Thursday, May 05, 2016

AmBev: 8.5% volume falls Brazil

Leader in the Brazilian market of drinks lost sales in the first quarter, but expansion in operations in other countries helped to compensate for shrinkage
Sao Paulo-the Ambev''s sales volume fell 8.5% to 26.8 million hectoliters in the first quarter against a year earlier. The giant lost market share spot and attributed the movement to the price increase in the period.
"We have confidence in our business platforms and we expect this trend [of loss of participation] has been short term," said the Vice President financial and investor relations officer of Ambev, Ricardo Rittes, in a teleconference with reporters yesterday.
The Executive said the company doesn''t plan to change its policy of high taxes and inflation run through to prices. However, acknowledged that the rate increase has contributed to the loss of market share in the quarter.
"As we predicted in the last quarter, we had a tough year in Brazil. But when we look at the coming quarters of the year, we see a basis of comparison weaker, "he said.
The net revenue of the company in Brazil retreated 4.0 percent to 6.26 billion in the quarter, R$ influenced by the downturn in volumes. Ebitda (earnings before interest, taxes, depreciation and amortization) totaled 3.22 billion R$ adjusted from January to March, down 5.5% compared to same period in 2015. The company does not disclose net profit from operations in the country.

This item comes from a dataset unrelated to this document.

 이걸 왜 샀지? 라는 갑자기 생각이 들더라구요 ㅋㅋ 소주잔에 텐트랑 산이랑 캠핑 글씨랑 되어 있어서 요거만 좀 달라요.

Despite the weak performance, the Chief Executive Officer of Ambev, Bernard P, kept the projections to 2016. The expectation is to improve the generation of net revenue and Ebitda in coming quarters, especially in Brazil.
"We''re operating more efficiently in this scenario and we hope to continue having good results. Costs are only one component in our business, we have a great team that seeks efficiency and elaborate ideas implemented quickly to improve the operation, "said Paiva, in a teleconference with analysts.
The supply of returnable packaging of glass also is among the strategies to keep sales this year. The participation of returnable bottles of beer in Brazilian markets increased from 4% in 2014 to 14.4% last year, commented Rittes. "We see a trend of acceleration of this packaging, with consumers seeking [the product] because it''s more accessible," said he.
The cost per product sold (COGS) of returnable glass containers is also lower, with better margins for the company.
The company consolidated operations-including other countries of Latin America, Caribbean and Canada-ended the first three months of the year with retraction of 7.5% in the volume of sales reported a total of 36.96 million hectolitres. Net sales advanced 7.4 percent to 11.56 billion R$ in the quarter against the same period in 2015.
I''ve adjusted net income totaled R$ 2.90 billion Ambev, indentation of 2.4% against the previous year and adjusted Ebitda grew 3.8%, totaling 5.26 billion R$.